SPIEGEL: Wieviel bezahlt der Verbraucher Strauß in diesem Jahr für eine Maß Bier freiwillig mehr?
STRAUSS: Hier sind die Verhältnisse in Bayern und in Ihrer Heimat so verschieden, daß man keine pauschal richtige Antwort geben kann.
SPIEGEL: In Bayern ist der Schankpreis für Bier um sechs Prozent gestiegen, in Bonn sogar um zehn Prozent.
STRAUSS: Wenn ich davon ausgehe, daß Bier bisher mit etwa sieben bis acht Prozent alter Umsatzsteuer belastet war, dann wäre eine Preiserhöhung von etwa drei Prozent durchaus gerechtfertigt. Völliger Unfug ist es natürlich, wenn Wirte zehn Prozent drauf schlagen.
SPIEGEL: Überproportional gestiegen sind aber nicht nur die Preise bei Händlern, Schankwirten und Friseuren, sondern auch die öffentlichen Tarife von Strom, Gas, Wasser und Verkehrsmitteln. Bei der Düsseldorfer Rheinbahn beispielsweise kostet die einfache Fahrt jetzt 75 statt bisher 50 Pfennig.

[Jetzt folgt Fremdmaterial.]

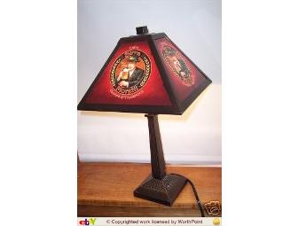 This unique item is perfect a great piece for any beer enthusiast or collector. The base is entirely metal and has great detail. The antique bronze finish is carried throughout the entire lamp and gives a very high-end look to this awesome brewerania piece! The lamp takes a 25 watt bulb that creates a warm glow through the semi-transparent lamp shade. THe shade has 4 panels, each with the Moretti logo on a burgundy background and is topped with a square metal finial. The lamp has a 7.5 foot cord with power switch. Lamp is 17.5 inches tall. Lamp shade has 10 inch diameter. www.everbrite.com

STRAUSS: Die haben den Prellbock Mehrwertsteuer benutzt, um Preiskorrekturen vorzunehmen, die mit der Mehrwertsteuer gar nichts zu tun haben. Es hat aber auch beträchtliche Preissenkungen gegeben, vor allem bei Kaufhäusern und Versandunternehmen. Ich darf hier an die nette Tchibo-Reklame erinnern ...
SPIEGEL: ... in der Sie zusammen mit Schiller und dem Tchibo-Experten für 40 Pfennig Preissenkung werben. Wann wollen Sie bei Tchibo anfangen?
STRAUSS: Sie meinen, IOS hier, Tchibo dort? Nein, nein.
SPIEGEL: Hätte die Bundesregierung den Ärger mit ungerechtfertigten Preiserhöhungen nicht vermeiden können, wenn das neue Umsatzsteuersystem nicht so überstürzt und besser vorbereitet eingeführt worden wäre?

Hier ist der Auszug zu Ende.